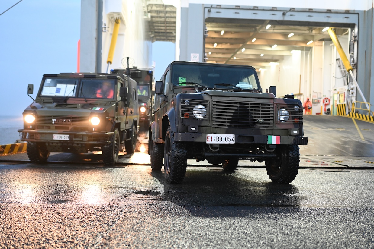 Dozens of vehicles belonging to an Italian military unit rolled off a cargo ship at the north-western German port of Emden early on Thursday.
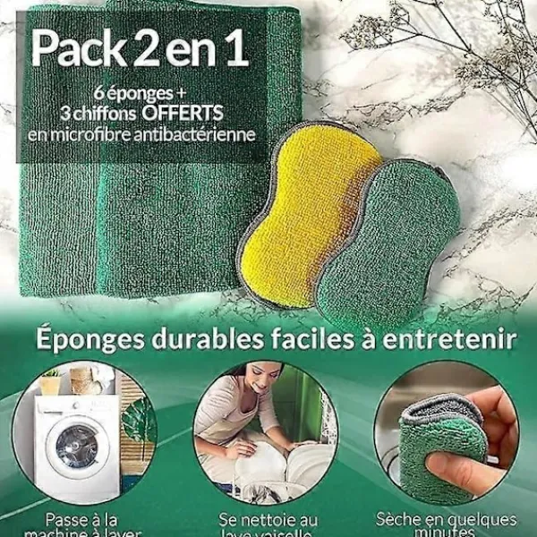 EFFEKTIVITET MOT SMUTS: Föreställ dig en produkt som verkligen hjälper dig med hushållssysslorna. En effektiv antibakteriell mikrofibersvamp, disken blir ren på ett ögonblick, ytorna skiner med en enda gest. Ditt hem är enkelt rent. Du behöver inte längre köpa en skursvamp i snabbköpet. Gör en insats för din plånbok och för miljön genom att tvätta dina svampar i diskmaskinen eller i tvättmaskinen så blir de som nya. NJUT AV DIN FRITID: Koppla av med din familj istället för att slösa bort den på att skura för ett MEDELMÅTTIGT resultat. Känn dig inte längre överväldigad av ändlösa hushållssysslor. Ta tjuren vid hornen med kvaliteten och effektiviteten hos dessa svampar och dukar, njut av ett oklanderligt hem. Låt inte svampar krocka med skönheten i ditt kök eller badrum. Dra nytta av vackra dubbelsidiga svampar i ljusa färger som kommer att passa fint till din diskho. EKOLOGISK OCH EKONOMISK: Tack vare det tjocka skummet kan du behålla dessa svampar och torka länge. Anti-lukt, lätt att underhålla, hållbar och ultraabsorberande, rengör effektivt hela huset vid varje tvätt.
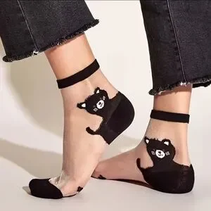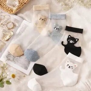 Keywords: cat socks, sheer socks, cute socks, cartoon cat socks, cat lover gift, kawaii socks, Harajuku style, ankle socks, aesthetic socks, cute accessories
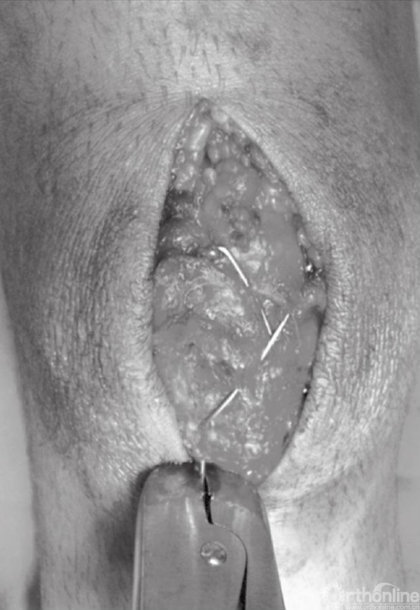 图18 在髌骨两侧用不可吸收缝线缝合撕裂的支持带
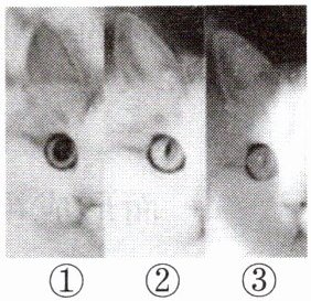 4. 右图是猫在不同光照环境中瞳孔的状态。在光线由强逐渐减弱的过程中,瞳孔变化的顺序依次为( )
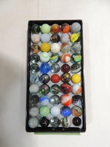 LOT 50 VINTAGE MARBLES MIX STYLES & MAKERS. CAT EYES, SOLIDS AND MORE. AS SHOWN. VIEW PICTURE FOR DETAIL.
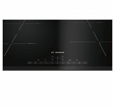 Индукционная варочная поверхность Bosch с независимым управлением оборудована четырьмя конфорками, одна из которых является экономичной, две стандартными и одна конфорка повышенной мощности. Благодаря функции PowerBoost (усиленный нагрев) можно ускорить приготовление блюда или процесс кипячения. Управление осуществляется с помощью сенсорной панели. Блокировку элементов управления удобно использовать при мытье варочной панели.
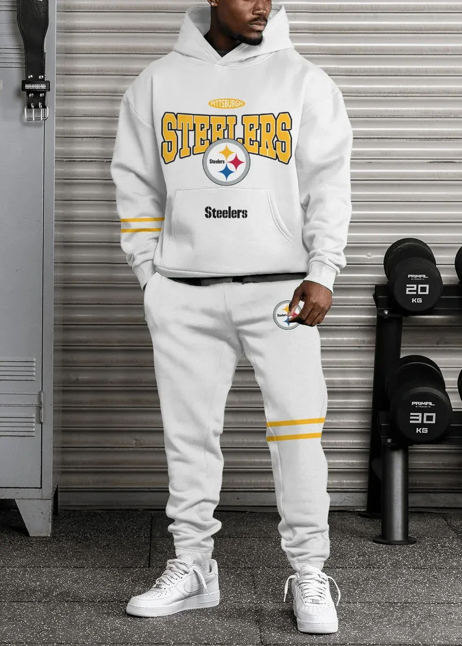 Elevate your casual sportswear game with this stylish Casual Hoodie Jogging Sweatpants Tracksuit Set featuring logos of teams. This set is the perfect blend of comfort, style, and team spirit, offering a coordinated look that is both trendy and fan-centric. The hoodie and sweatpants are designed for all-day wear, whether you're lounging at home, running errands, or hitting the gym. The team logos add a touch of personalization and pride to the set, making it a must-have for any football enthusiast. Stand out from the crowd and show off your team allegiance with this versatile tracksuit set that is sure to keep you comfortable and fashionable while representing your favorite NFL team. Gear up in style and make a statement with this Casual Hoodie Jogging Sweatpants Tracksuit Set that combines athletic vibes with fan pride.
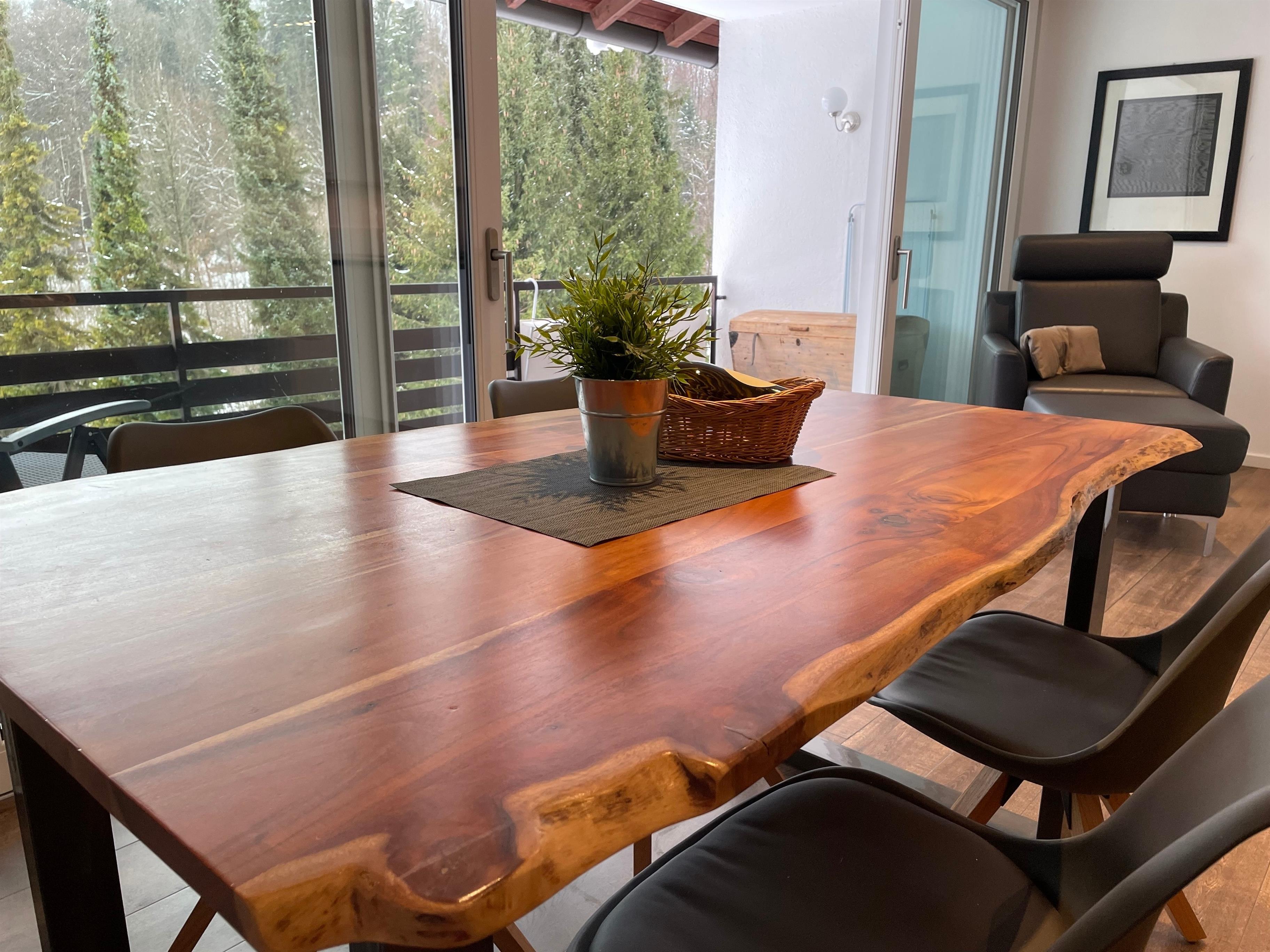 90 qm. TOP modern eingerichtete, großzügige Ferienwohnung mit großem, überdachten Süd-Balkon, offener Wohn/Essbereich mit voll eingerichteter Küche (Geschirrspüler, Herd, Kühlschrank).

— Task objective —
Although the records above contain pictures, the copy should not; retype exactly the lines from the one containing "Keywords: cat socks, sheer" through the one containing "Индукционная варочная поверхность".

— Task solution —
 Keywords: cat socks, sheer socks, cute socks, cartoon cat socks, cat lover gift, kawaii socks, Harajuku style, ankle socks, aesthetic socks, cute accessories
 图18 在髌骨两侧用不可吸收缝线缝合撕裂的支持带
 4. 右图是猫在不同光照环境中瞳孔的状态。在光线由强逐渐减弱的过程中,瞳孔变化的顺序依次为( )
 LOT 50 VINTAGE MARBLES MIX STYLES & MAKERS. CAT EYES, SOLIDS AND MORE. AS SHOWN. VIEW PICTURE FOR DETAIL.
 Индукционная варочная поверхность Bosch с независимым управлением оборудована четырьмя конфорками, одна из которых является экономичной, две стандартными и одна конфорка повышенной мощности. Благодаря функции PowerBoost (усиленный нагрев) можно ускорить приготовление блюда или процесс кипячения. Управление осуществляется с помощью сенсорной панели. Блокировку элементов управления удобно использовать при мытье варочной панели.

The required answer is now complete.